The resolution into conjunctions and disjunctions nicely illustrates the duality of models as product types and concepts as sum types.

Usage

Writing Taxonomies

During server startup, VAST picks up taxonomy definitions from YAML files (ending in *.yaml) from the schema directory.

VAST expects a single list in the the YAML file, each of which contains an object with a single key representing the definition type, e.g., concept or model.

Writing Concepts

To define a concept, introduce a new YAML list element with a concept object. Here is an example:

- concept:
name: destination_ip
fields:
- suricata.flow.dest_ip
- zeek.conn.id.resp_h

A concept definition must include a name and a list of fields that VAST should substitute for that name.

Taxonomy Introspection

To inspect existing models and concepts in a given VAST instance, you can use vast status --debug on the command line.

FAQs

How do VAST taxonomies relate to splunk Data Models?
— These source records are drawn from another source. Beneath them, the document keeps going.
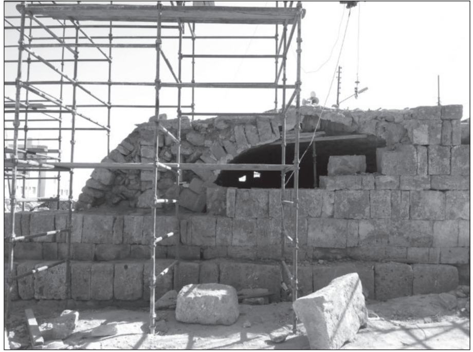
٢١. السقف نصف البرميلي والدعامية.
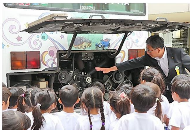
エンジンルームを見てみよう(こうなっているんだ！)
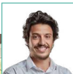
Deputado Estadual Doorgal Andrada
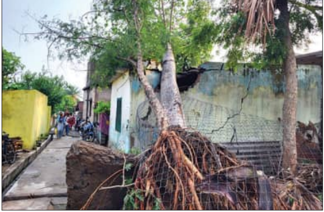
ରାତି ସାରା ବିଦ୍ୟୁତ୍ ସରବରାହ ୦୧

ହୋଇଥିଲା । ଯାହା ଫଳରେ ରାଜଗାଙ୍ଗପୁର ଏବଂ ଏହାର ଆଖପାଖରେ ଅନେକ ଗଛ ଉପୁଡ଼ି ପଡ଼ିଥିବା ନେଇ ସୂଚନା ରହିଛି । ବିଶେଷ କରି ରାଜଗାଙ୍ଗପୁର ପୌର ପାଳିକା ଅନ୍ତର୍ଗତ ଖର୍ଚ୍ଚ ନଂ ୬ ଅନ୍ତର୍ଗତ ସିଂଘାପଡ଼ାରେ ଏକ ଶିମିଳି ଗଛ ଉପୁଡ଼ି ପୁରୀ ବାରାକ ଆଜବେଷ୍ଟ ଘର ଉପରେ ପଡ଼ିଥିଲା । ଏହି ସମୟରେ ଘରେ ଶୋଇଥିବା

Splunk Data Models are a superset of VAST concepts. Splunk ships with its own Common Information Model (CIM), which is a collection of data models.
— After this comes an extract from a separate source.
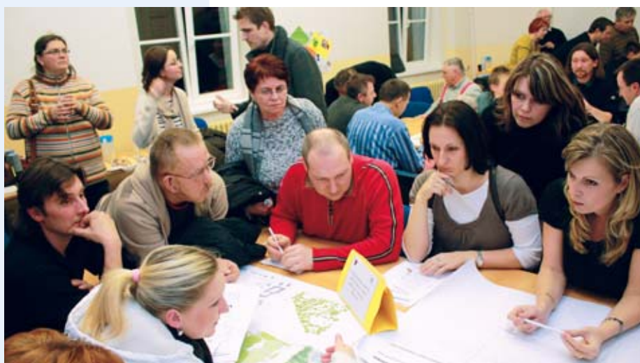
Situaci kolem proměny parku v Pílské ulici v Hostavicích řešili zástupci Prahy 14 s občany od počátku. Na snímku je jedno z prvních veřejných jednání této záležitosti z roku 2011.

Během první etapy, která by měla skončit spolu s letošními letními prázdninami, je naplánováno vybudování kompletní cestní sítě, osazení parku lavičkami, cyklostojany a odpadkovými koši, zavedení odpovídajících

VAST ships with a script taxonomize that converts a splunk datamodel JSON file to VAST concept declarations. An example invocation can look as follows:

taxonomize --splunk < Network_Traffic.json | head -n 16

This produces the following output:

# All_Traffic: extracted fields
- concept:
name: splunk.all_traffic.app
description: >-
The application protocol of the traffic.
- concept:
name: splunk.all_traffic.channel
description: >-
The 802.11 channel used by a wireless network.
- concept:
name: splunk.all_traffic.dest_bunit
description: >-
This field is automatically provided by asset and identity correlation
features of applications like Splunk Enterprise Security. Do not define
extractions for this field when writing add-ons.
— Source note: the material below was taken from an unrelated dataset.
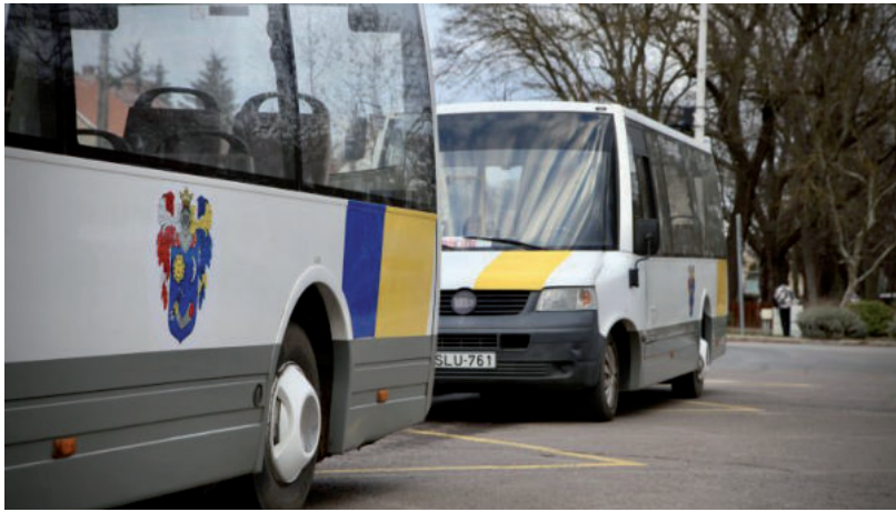
ÚJ FRONTON DÚL A BUSZHÁBORÚ VÁSÁRHELYEN

Az önkormányzati közleményből a bírság részletei is kiderülnek: A Közbeszerzési Hatóság Közbeszer-

The script only generates concept declarations, not the actual bindings to concrete data formats, which still needs to happen separately. For example, to bind a splunk field name to an existing VAST concept:

- concept:
name: splunk.all_traffic.src_ip
concepts:
- net.src.ip
Contributing

VAST is an open-source project. We're always open to community contributions, and are always open to bundling user-provided taxonomies.

How do VAST taxonomies relate to ECS?

ECS is an instance of a taxonomy. ECS defines exactly one nomenclature. In VAST, users can define multiple taxonomies. Extension was part of the deisgn.

Tenzir will provide a best-effort definition of ECS mappings to the schema definitions that are shipped with VAST.

What happens with the schema when the taxonomy changes?

Adding a new field to a concept creates a strict superset of the concept. Removing a field from a concept creates a strict subset of the concept.

Adding or removing elements from a model changes the arity of the record, rendering existing queries invalid. For example, if x = <a, b, c> is a valid model query and the model receives a new concept, the model must include a fourth element: x = <a, b, c, d>.

What happens with the taxonomy when the schema changes?

Since concepts are untyped, a changing field type in the schema would not break the concept semantics.

However, if a field in the schema is renamed, the concept definition must be updated as well. Otherwise the renamed field will no longer be included in concept queries.